Но был ли Святослав на поле боя или нет, несомненна связь этого легендарного броска копья с наследственными правами ребенка-мстителя, обладающего высшим статусом. Потому этот эпизод попадает даже в самый ранний вариант предания. Святослав здесь выступает как носитель высшего статуса и источник сакральной силы, а мать, Ольга, обладающая умом и решимостью, действует, опираясь на этот источник.
В Новгородской I летописи после победы киевлян в полевом сражении сразу идет сообщение о том, как Ольга возгалает на древлян тяжкую дань, идет по земле Деревской, устанавливая «уставы и уроки», а потом возвращается в Киев. ПВЛ на этом месте принимается развивать сюжет:
«И победили древлян. Древляне же побежали и затворились в своих городах. Ольга же устремилась с сыном своим к городу Искоростеню…»
Описывается осада Искоростеня, который жители не хотели сдавать, боясь мести. Но Ольга уверяет, что месть ее утолена и в качестве малой дани она примет по три воробья и по три голубя с каждого двора.
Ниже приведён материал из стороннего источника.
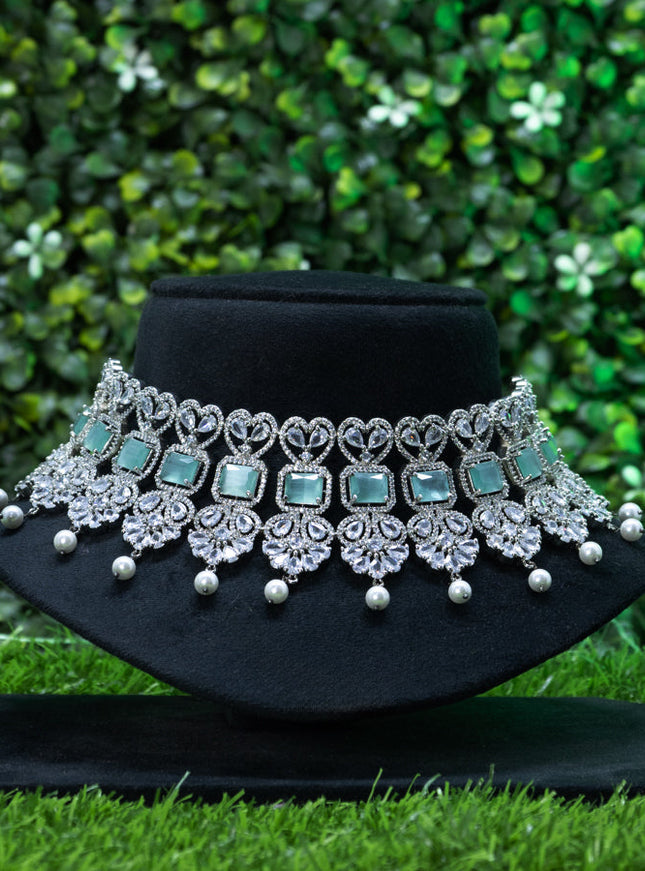 10% OFF Zircon choker with mint green & cz stones and hangings
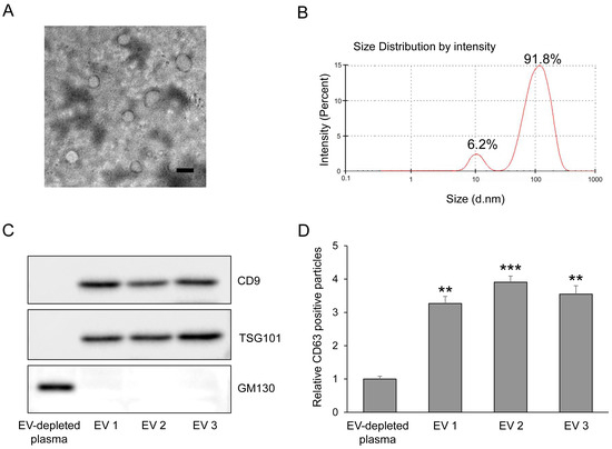 Characterization of plasma-derived extracellular vesicles. (A) Transmission electron microscopy (TEM) images showing round, membrane-bound morphology of purified plasma EVs. Scale bar = 200 nm. (B) Dynamic Light Scattering (DLS) profile of plasma-derived EVs obtained using the Nano-ZS Zetasizer, illustrating the hydrodynamic size distribution of EV particles. (C) Western blot analysis of EV-enriched markers (TSG101 and CD9) and the Golgi marker GM130, confirming enrichment of EV proteins and minimal contamination from cellular organelles. (D) Quantification of CD63 expression in EV-depleted plasma and plasma-derived EV fractions using ELISA, confirming successful enrichment of CD63-positive EVs (n = 5). The values represent the mean ± SEM. ** p < 0.01 and *** p < 0.001 vs. control. EV, extracellular vesicle.

«Древляне же, обрадовавшись, собрали от двора по три голубя и по три воробья и послали к Ольге с поклоном… Ольга же, раздав воинам – кому по голубю, кому по воробью, приказала привязывать каждому голубю и воробью трут, завертывая его в небольшие платочки и прикрепляя ниткой к каждому. И, когда стало смеркаться, приказала Ольга своим воинам пустить голубей и воробьев. Голуби же и воробьи полетели в свои гнезда: голуби в голубятни, а воробьи под стрехи, и так загорелись – где голубятни, где клети, где сараи и сеновалы, и не было двора, где бы не горело, и нельзя было гасить, так как сразу загорелись все дворы. И побежали люди из города, и приказала Ольга воинам своим хватать их».